1. A method for sorting a plurality of protein structures and corresponding sequences wherein both the protein structures and sequences are generated from a database query comprising the steps of:

a. identifying one or more alignment domains in each said sequence;

b. selecting a master sequence comprising one or more alignment domains from said sequences;

c. displaying to the user a graphical user interface comprising:

i. a first multiple sequence alignment representation comprising: a multiple sequence alignment between said master sequence and said other sequences; identifications of at least one master sequence alignment domain; and identifications of at least at least one alignment domain in each said other sequence that comprises said multiple sequence aligmnent;

ii. a means for the user to identify a new master sequence;

iii. a means for the user to select one or more master sequence alignment domains; and

iv. a means for the user to select to one or more sequences in order to select their corresponding structures for processing.
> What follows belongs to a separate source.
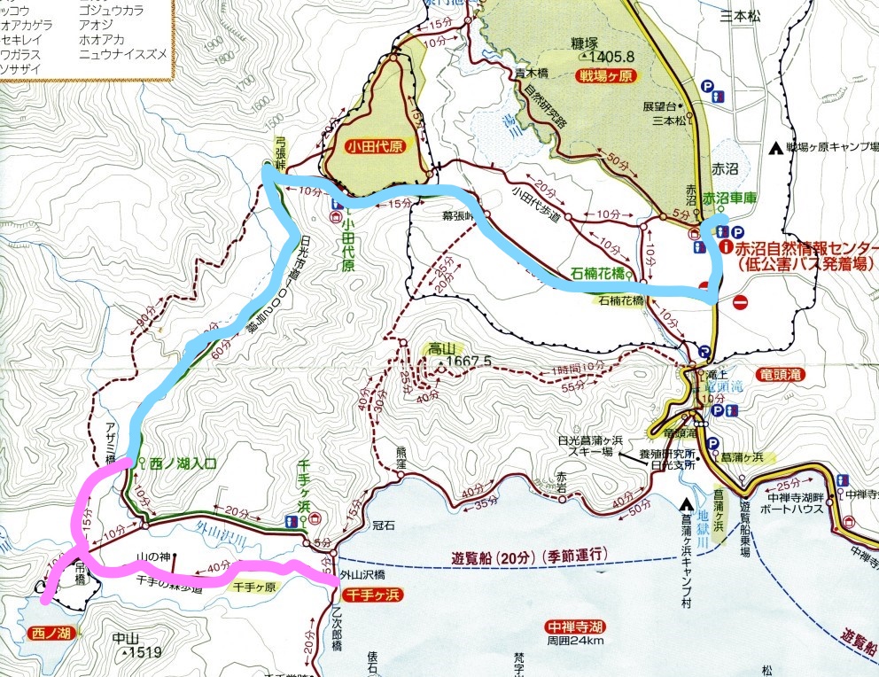 「赤沼車庫」から「西ノ湖入口」までは乗車時間25分、「西ノ湖入口」から西ノ湖までは徒歩25分、

d. receiving at least one master sequence alignment domain selection made by a user using said means for selecting a master sequence alignment domain;

e. displaying to the user a second multiple sequence alignment representation wherein the sequences that comprise the multiple sequence alignment are shifted such that said selected master sequence alignment domain(s) are aligned with their respective homologous alignment domains that comprise the other said sequences in said multiple sequence alignment;

f. receiving at least one sequence selection made by a user using said means for selecting a sequence in order to select its corresponding structure; and

g. identifying the protein structures corresponding to the selected sequences thereby sorting the protein structure into those selected by the user for subsequent processing and those structures that are not selected by the user for subsequent processing.

2. The method of claim 1 wherein said alignment domains correspond to domain annotations found in the Pfam database, SMART or the COG database.

3. The methods of claim 1 wherein said subsequent processing is the visualization of said protein.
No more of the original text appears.